伊藤浩之の春夏秋冬

いわき市遠野町に住む市議会議員。市政や市議会、日常の活動などを紹介していきます。

林のレストランが閉店

2021年06月28日 | 
 ここには当初、ヒカゲチョウやサトキヒカゲマダラ、ヤマキヒカゲマダラ、そしてオオスズメバチのえさ場になっていた。ここに群れて樹液を奪い合っていたのだ。





 やがて、ここにオオクワガタがやってきた。6月13日のことだ。



 えさ場にはオスもメスもやってきて、出会いの場ともなっていたのだ。

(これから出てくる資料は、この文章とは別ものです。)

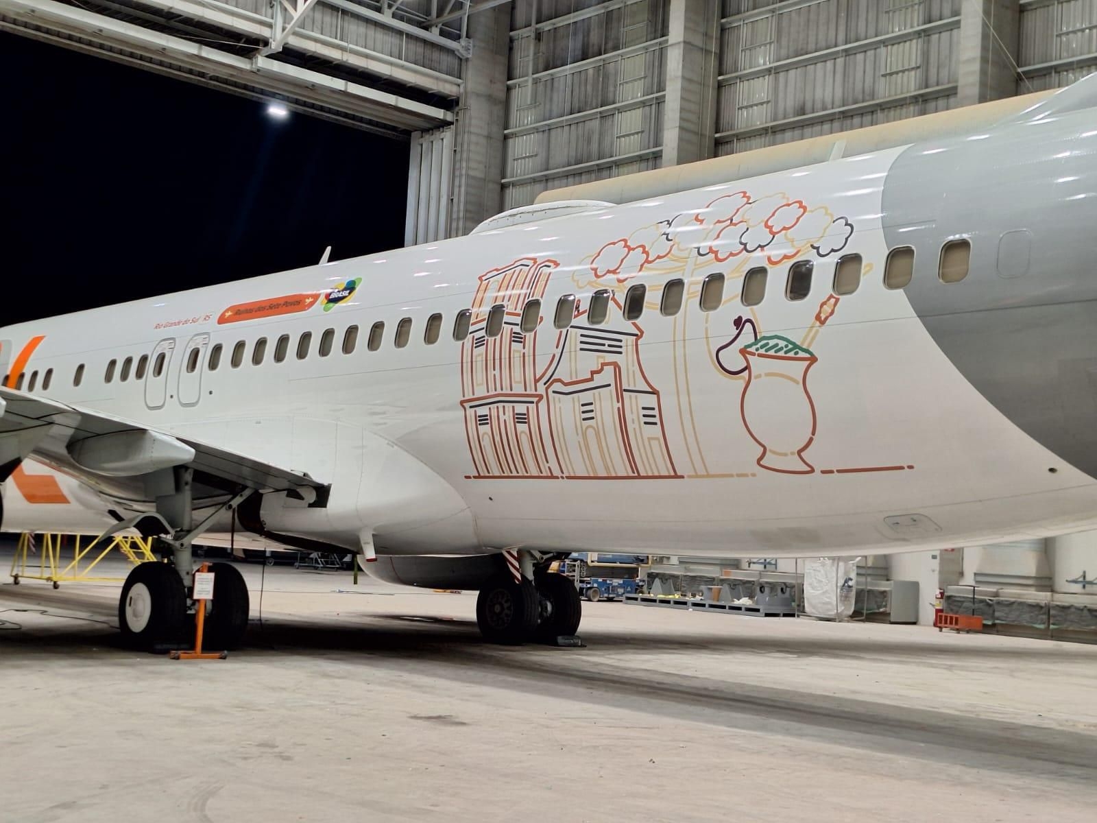 O Boeing 737-800 da GOL apresenta uma composição de elementos que o Rio Grande do Sul tem a oferecer, como as belas paisagens das araucárias, o tradicional chimarrão e o vinho - que fazem parte da cultura gaúcha, e ainda uma belíssima imagem da Ruína dos Sete Povos, localizada dentro do Parque Histórico Nacional das Missões.

このクワガタムシは、場所を移動しながら、しばらくの間、滞在し、樹液のたくさん染み出す良好な物件を死守すべく、やってくるオオスズメバチを追い払ったりしていたので、陰に隠れて過ごすペアの姿を垣間見ていることができた。

 また、アマガエルがやってきて、樹液を求める虫を待ち伏せする姿も見ることができた。じっとして待つアマガエル。オオスズメバチが樹液をあらして、あきらめ顔のアマガエル。この待ち伏せは悲喜劇を伴っていたようだ。

 そして、ここ数日、カブトムシがレストランにやってきていた。

 最初は、角の折れたオスとメスのカブトムシ。続いて、小柄なオスのカブトムシがやってきて、3匹で樹液を接種していた。



 樹液のしみ出す一点に顔を寄せる姿は、3匹のカブトムシが談合しているようにも見える。しかし、実際には、小柄なオスがメスを追い出し、樹液を独占しようとしていたようだ。

 この小柄オスのわがままを許さなかったのが、大柄オスだ。横柄な行動に怒りを覚えたのか、折れた角を突き出しながら、小柄オスに挑みかかり、ついには、追い出してしまった。





 とっくみあいのケンカならば、角がそろっている小柄オスにも勝機があったのだろう。しかし、押し合いの力比べでは大柄オスにはかなわない。小柄オスはすごすごとその場から離れていった。



 大柄オスは、小柄オスの出現前から出会っていたメスを、何よりも大事に思っていたようだ。メスに樹液を接種させ、自らはメスに覆い被さって、守っているように見えた。



 これが3日前のことだった。

 その後、ペアのカブトムシは、木の二股に分かれた場所に移動し身を潜めた。昨日は、角のそろった大柄なカブトムシもきていた。



 ところが、今日は、辺りに誰もいない。よく見ると、樹液のしみ出していた部分が乾いている。





 樹液はナラの木に傷がついたりすると、その部分からしみ出す。おそらく、樹液をしみ出させることで、傷の修復をする機能が、木に備わっているのだろう。

 ナラの木に撮ってみれば、ほぼ3週間かけてその傷を修復した。修理完了記念という喜ばしい日を迎えることができたのだ。

 ところが、ここで食事をしていた虫たちにとっては、貴重なレストランを失ってしまった。悲しんでいることだろう。かくいう私も、毎朝の散歩で楽しみにしていた、虫などの観察場所を失ってしまったことには、若干の悲しみを感じる。

 木に傷をつければ、林のレストランは復活するのだろうが、それもなー。
 自然が成すままに、再びレストランが出現する日を、散歩しながら待とうと思う。